How to Build a Reliable Kafka Data Processing Pipeline, Focusing on Contention, Uptime and Latency
10 Feb 2024 (7 months ago)
System Overview
- The company sends around 13 billion push notifications daily and had a team of 10 engineers to manage the backend.
- The original system used synchronous PostgreSQL writes, blocking the HTTP request until the write completed.
- Traffic spikes occurred at specific times (hourly and half-hourly) due to customers scheduling notifications.
Solution Implementation
- Introduced a layer of queuing using Apache Kafka, making the system asynchronous.
- Kafka is a distributed streaming platform that uses topics to logically group messages.
- Each message in a topic has a numerical ID called an offset that starts at zero and increases over time.
- Consumers pull messages from Kafka topics and process them.
- Partitions are numbered logs of messages within a topic that can be consumed independently by multiple instances of a consumer.
- Subpartition processing is a technique used to process Kafka messages concurrently within each partition in memory, allowing for increased concurrency and flexibility.

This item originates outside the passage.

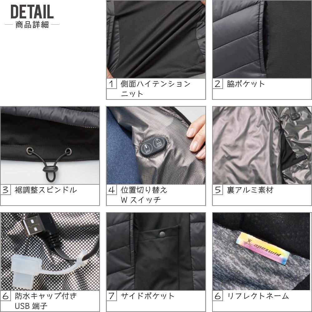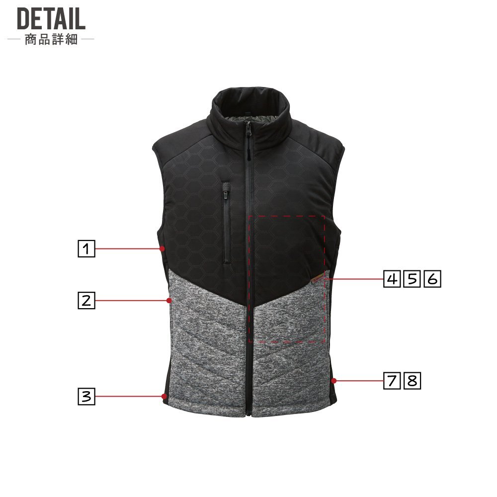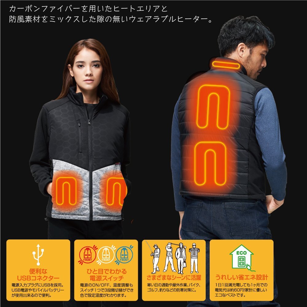 防風素材をミックスした隙の無いウェアラブルヒーター

- Created more CUs (queues) to ensure updates for the same row are processed concurrently.
- Added a cap on the number of messages each consumer instance can hold in memory to prevent overloading.

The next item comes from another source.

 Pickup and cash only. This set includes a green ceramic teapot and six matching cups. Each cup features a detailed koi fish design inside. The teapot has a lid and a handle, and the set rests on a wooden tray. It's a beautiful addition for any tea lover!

Issue Identification and Resolution
- Observed high lag and low CPU usage, contradicting expectations.
- Implemented centralized logging to gain more observability.
- Discovered that a single customer (Closely) was dominating the updates, with a single row ID receiving constant incompatible updates.
- Identified that the updates were related to the "set email" method in the SDK, which was causing 4.8 million user updates to be mirrored to a single record.
- Updates to the closely app admin record were skipped, and limits were implemented to prevent customers from linking too many records together.
Lessons Learned
- Shifting intensive API workloads to asynchronous workers reduces operational burden.
- Subpartition queuing increases consumer currency.
- Centralized observability is crucial in tracking down issues.
- Customers can be more creative than engineering, design, and product teams in finding unexpected use cases.